The experiment used the publicly available Case Western Reserve University (CWRU) dataset. Bearing data with a motor load of 1 hp, a speed of 1772 r/min, and a fault diameter of 0.178 mm were selected, with a sampling frequency of 12 kHz. The data were collected from the drive end, and the label information was consistent with that shown in Table 1. The compound fault data were generated by directly summing the corresponding single fault data. For the experiment, 100 samples were randomly selected for each label, with each sample containing 1024 data points. Given the superiority of SVM classification, SVM was used to verify the performance of WOGS-EEHMWPE under different signal-to-noise ratios, providing the average accuracy and error, as shown in Table 5.
Given the performance degradation of the model under a −2 dB noise, this paper evaluated the performance of different method combinations at −2 dB. The results are presented in Table 6. The results show that the WOGS-EEHMWPE combination achieved the best accuracy (98.53%) with the smallest error (±0.36%). Compared with other combinations, WOGS-EEHMWPE excelled in noise immunity and robustness, and it was able to extract features effectively under noise interference, significantly improving the accuracy of fault diagnosis.
To visually demonstrate the advantage of EEHMWPE over EHMWPE, Figure 16 was created to show the spatial positioning of the different features.
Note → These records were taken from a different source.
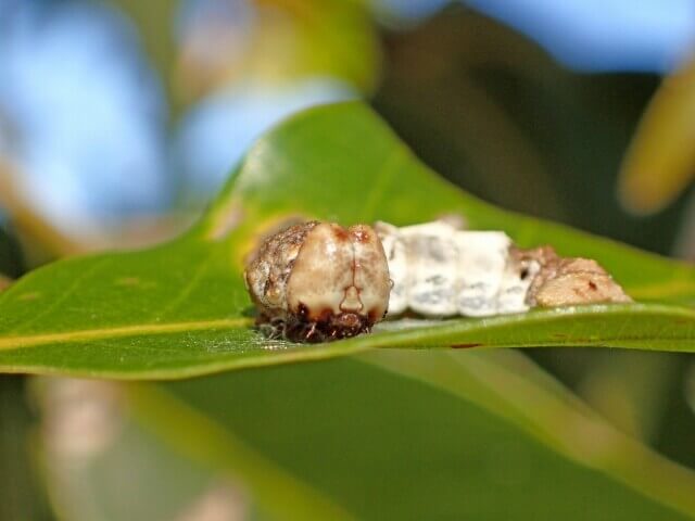 しかし、白い模様が鳥の糞に見えて、蝶や蛾の幼虫類にはこのような擬態のプロが多く見られますね。
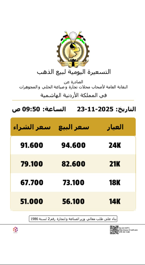 وبحسب النشرة الصباحية الصادرة عن النقابة العامة لأصحاب محلات تجارة وصياغة الحلي والمجوهرات، بلغ سعر الغرام الواحد من الذهب عيارات 24 و18 و14 عند 94.6 و73.1 و56.1 دينارًا على التوالي لغايات البيع من محلات الصاغة.
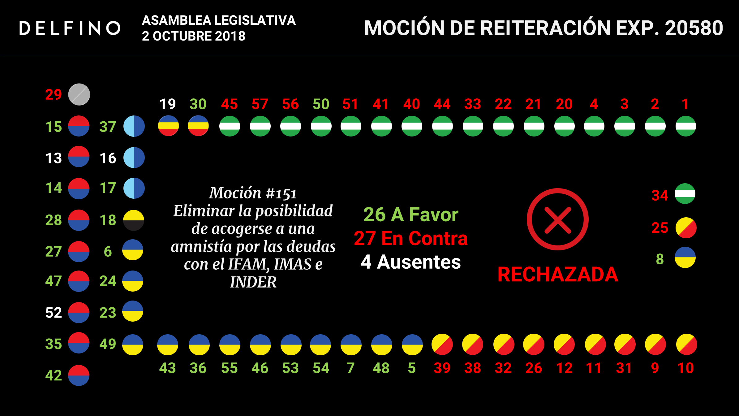 La moción fue rechazada con los votos de Liberación Nacional (excepto de la diputada Franggi Nicolás que votó a favor), Acción Ciudadana y el independiente Erick Rodríguez, sumando en su conjunto 27 votos negativos.
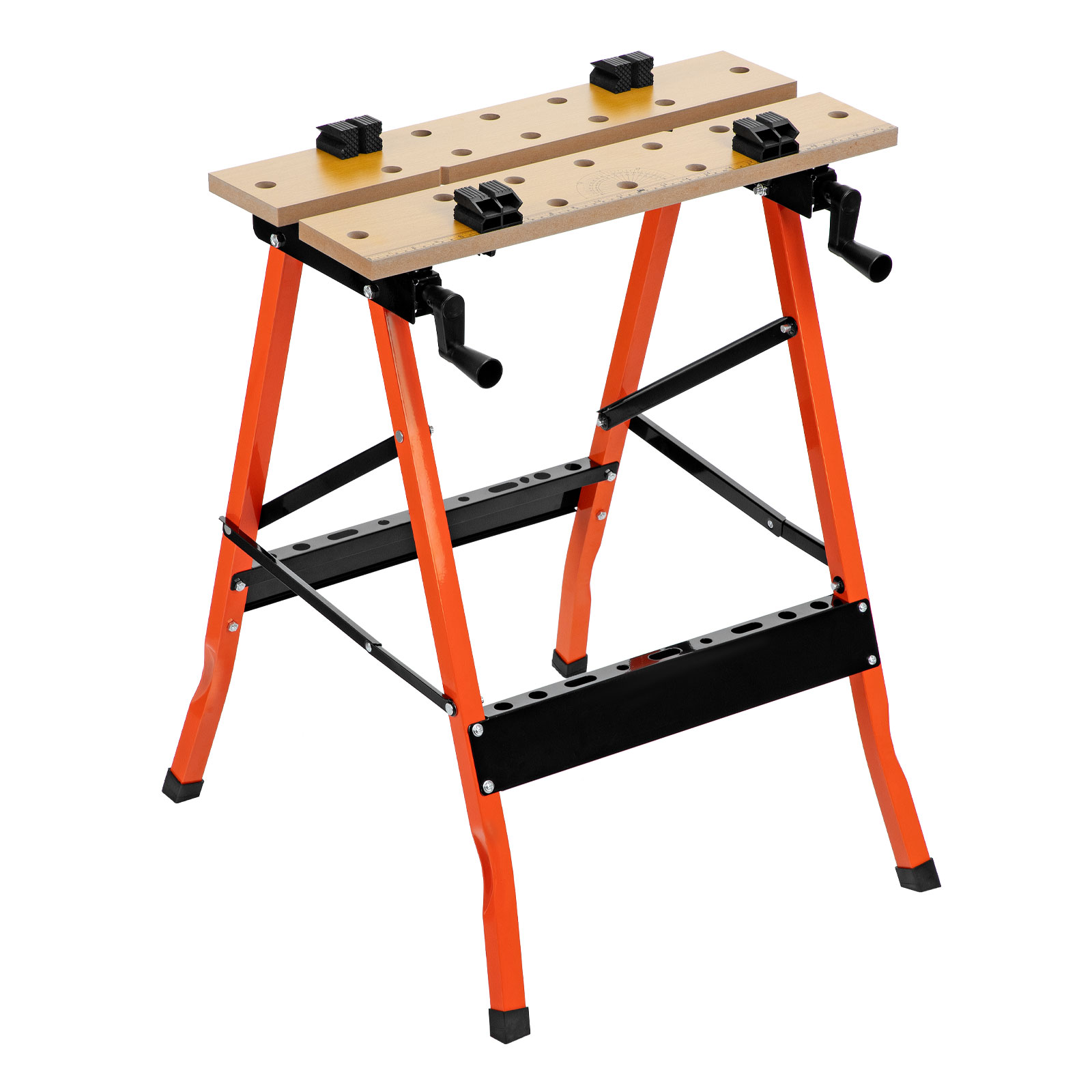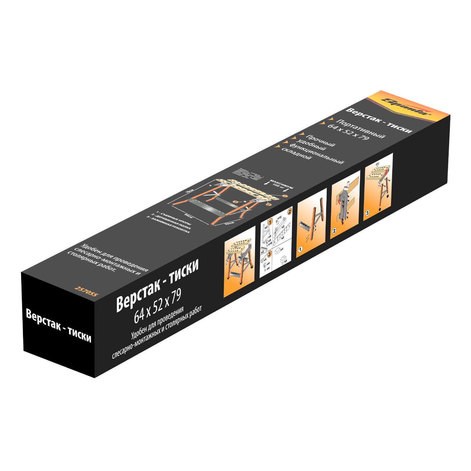 Портативный верстак-тиски Sparta 257055 размером 640 х 520 х 790 мм служит для зажимания заготовок и используется для выполнения столярных и слесарных работ. Столешница представляет собой тиски из двух раздельных блоков, которые позволяют фиксировать даже детали с непараллельными гранями. Верстак пригодится дома и в частной мастерской. Установку необходимо осуществлять на ровной поверхности для максимальной устойчивости и исключения травм из-за несоблюдения техники безопасности.
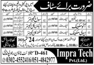 Impra Tech jobs advertisement dated about 22 September 2025 in daily Jang Newspaper invites application for the vacant post of auto mechanic, civil engineer, ac hvac technician, mechanical engineer, electrical engineer and heavy mechanic in Lahore, lahore Punjab Pakistan. DAE etc. educational qualification will be preferred.
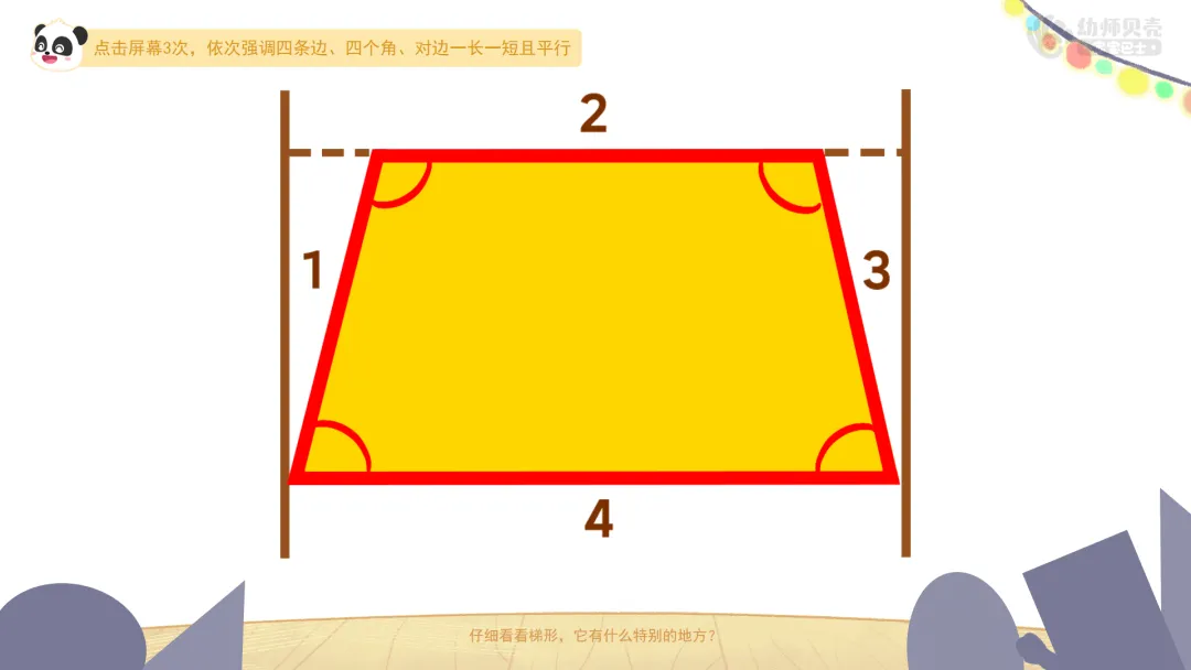 小结:这些梯形都有四条边、四个角,和一组一长一短的平行边。只要记住这个特征,不管梯形怎么“藏”,我们都能发现它!
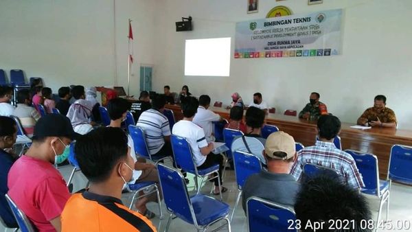 Bengkayang – Babinsa Koramil 1202-03/Sry Serda Pujianto Hadiri Bimbingan Teknis Kelompok Kerja Relawan SDGs (Sustainable Development Goals) di Aula Permarus Desa Rukma Jaya, Kecamatan Sungai Raya Kepulauan, Kabupaten Bengkayang, Sabtu (24/4/21).
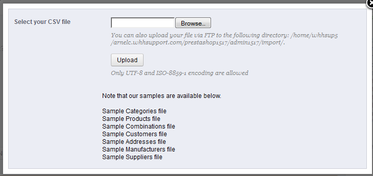 Before you can go to the next step you have to import a CSV file. Note that PrestaShop actually provides examples of the CSV files. Click on UPLOAD next to the field labeled Your CSV file (0 file):

Under −2 dB conditions, the first three entropy feature values of EHMWPE were used as the Cartesian coordinates. In EEHMWPE, the Z-axis feature was replaced with VEC, clearly showing that normal signals cluster near VEC = 0, effectively increasing the class separation between normal and fault signals, addressing the limitations of EHMWPE.

5.2. HUST Dataset

To further verify the generalization performance of the WOGS-EEHMWPE strategy, this paper employed the publicly HUST dataset [39], which presents a higher diagnostic challenge due to the presence of significant noise in the fault signals, making it closer to real-world faults. This dataset includes vibration signals of bearings under nine different health conditions across four distinct operating conditions. The test bearings are of type ER-16 K. A triaxial accelerometer (type TREA331) was used for data acquisition, and the vibration acceleration signals collected by the Z-axis sensor were utilized in this paper. The sampling frequency was set to 25.6 kHz, with each class containing 500 samples, and each sample consisted of 2048 data points. The specific data type and tag number are shown in Table 7.
Figure 17 presents the denoising results of the five different types of samples using WOGS. Figure 17a shows the original time-domain signals, where significant noise was present in various fault types, particularly in the inner ring and compound fault signals. Figure 17b illustrates the results after WOGS denoising, where the inner, outer, and ball fault signals retained their periodic impact characteristics, while the compound signal exhibited a more distinct primary pattern. This demonstrates that WOGS maintains effective denoising performance under complex operating conditions.
Figure 18 visualizes the impact of EHMWPE and VEC. As shown in Figure 18a, EHMWPE exhibited similarity within the same fault type and demonstrated distinct differences between fault types, further confirming its effectiveness. As shown in Figure 18b, the VEC of the compound faults showed significant fluctuations, which correlated with the variability of the time-domain signal. As expected, the fault signals maintained a significant difference from the red reference region (normal signal values). Additionally, in the HUST dataset, the VEC value for compound faults was able to reach approximately 1800, as the variance of around 1800 windows in the compound fault signals exceeded P 95 ( V ) , highlighting the unique characteristic of the significant time-domain fluctuations in compound faults within the HUST dataset.
Similar to the CWRU dataset, Table 8 shows an evaluation of the performance of different strategy combinations for direct time-domain signal denoising and feature extraction classification when using SVM. The WOGS-EEHMWPE combination achieved the highest accuracy (99.37%) with the smallest error (±0.21%). This demonstrates its strong generalization ability in effectively performing denoising and feature extraction while adapting to data characteristics, even in complex scenarios.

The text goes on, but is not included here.